« Les footballeurs prennent la place des héros, dans l’ère du vide » selon Robert REDEKER, le philosophe, auteur notamment de L’Emprise sportive*, analyse le phénomène NEYMAR.
INTERVIEW par Vincent TREMOLET DE VILLERS du FIGARO, (édition du 2017.08.03) reprise par ICEO dans un article du vendredi 4 août 2017 que nous reproduisons in extenso car il est particulièrement intéressant. Nous remercions ICEO de son autorisation.
LE FIGARO. – Pour le Quatar comment expliquer une telle fébrilité ?
Robert REDEKER. – D’une part, l’intérêt diplomatique du Qatar, à un moment où cet État est en difficulté politique, menacé de boycott voire de blocus, joue un grand rôle dans cette affaire. Les dirigeants de ce pays cherchent à compenser sur le plan de l’image et de la communication internationale une défaite politique par une victoire sportive en Ligue des champions, en y mettant les pétrodollars nécessaires. Sans compter que la gloire sportive peut servir de protection contre des sanctions politico-économiques.
D’autre part, l’argent, depuis la crise de 2008, est devenu à son tour un spectacle. Le grand spectacle de l’argent s’est mis en scène. Après la politique-spectacle a émergé l’argent-spectacle.

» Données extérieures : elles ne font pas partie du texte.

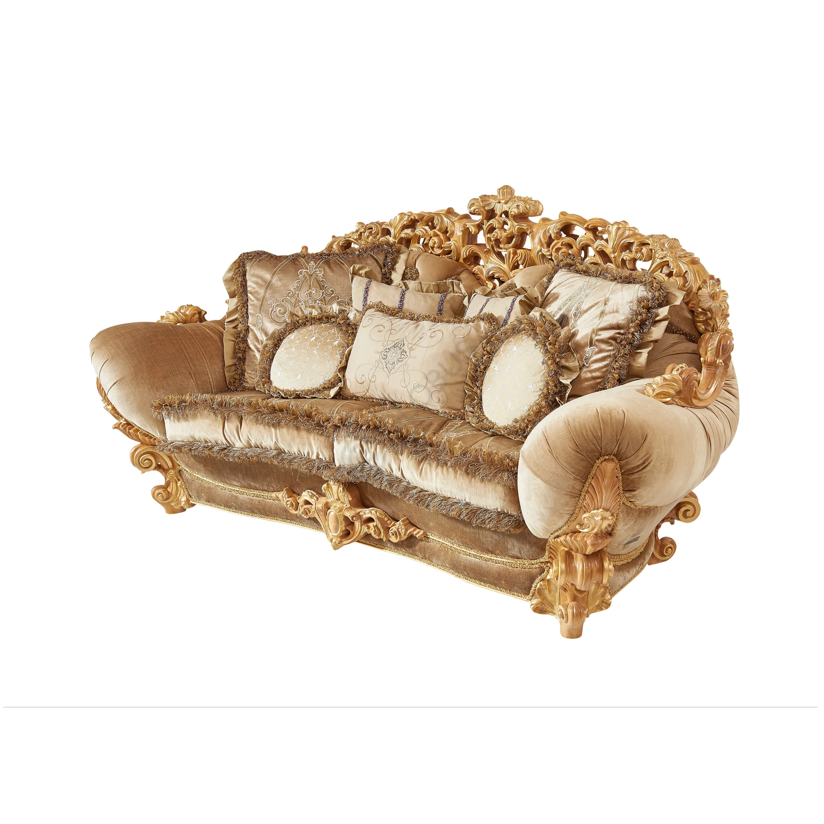 This sofa embodies the luxurious spirit of Baroque and Rococo design. Its generous form and detailed craftsmanship create a focal point of classic elegance, perfectly suited for a distinguished living room.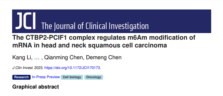The CTBP2-PCIF1 complex regulates m6Am modification of mRNA in head and neck squamous cell carcinoma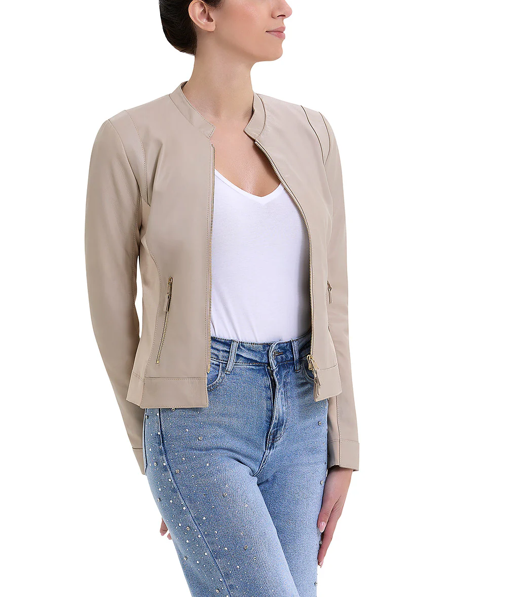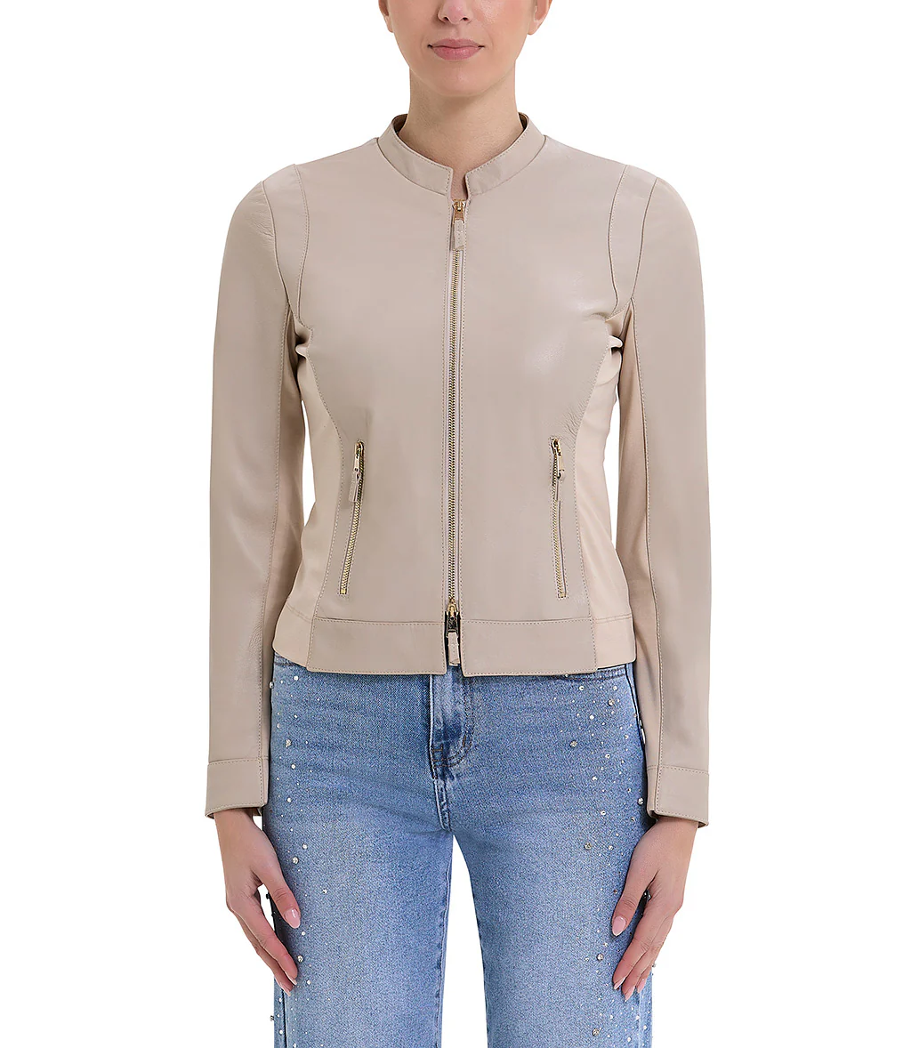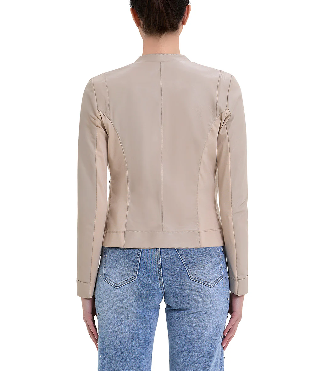 Giacca color ecru in pelle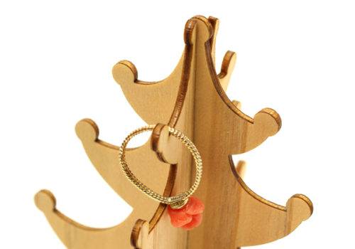 キラキラしたリングがかけてあるリングツリーは、見た目は可愛らしいインテリアそのもの。二組の木材を組み合わせるだけなので、使わないときはコンパクトに片付けることも可能。

La dernière campagne présidentielle a vu ce spectacle de l’argent dévorer la politique elle-même, au point d’éliminer François FILLON. Un partage simpliste entre le bien et le mal traverse le scénario de ce spectacle : le mauvais argent (celui des politiques, des patrons, des hauts fonctionnaires) qui serait illégitime, suscitant la haine, et le bon argent (celui des footballeurs, des stars du show-biz et de la télévision) qui, légitime, engendre l’admiration.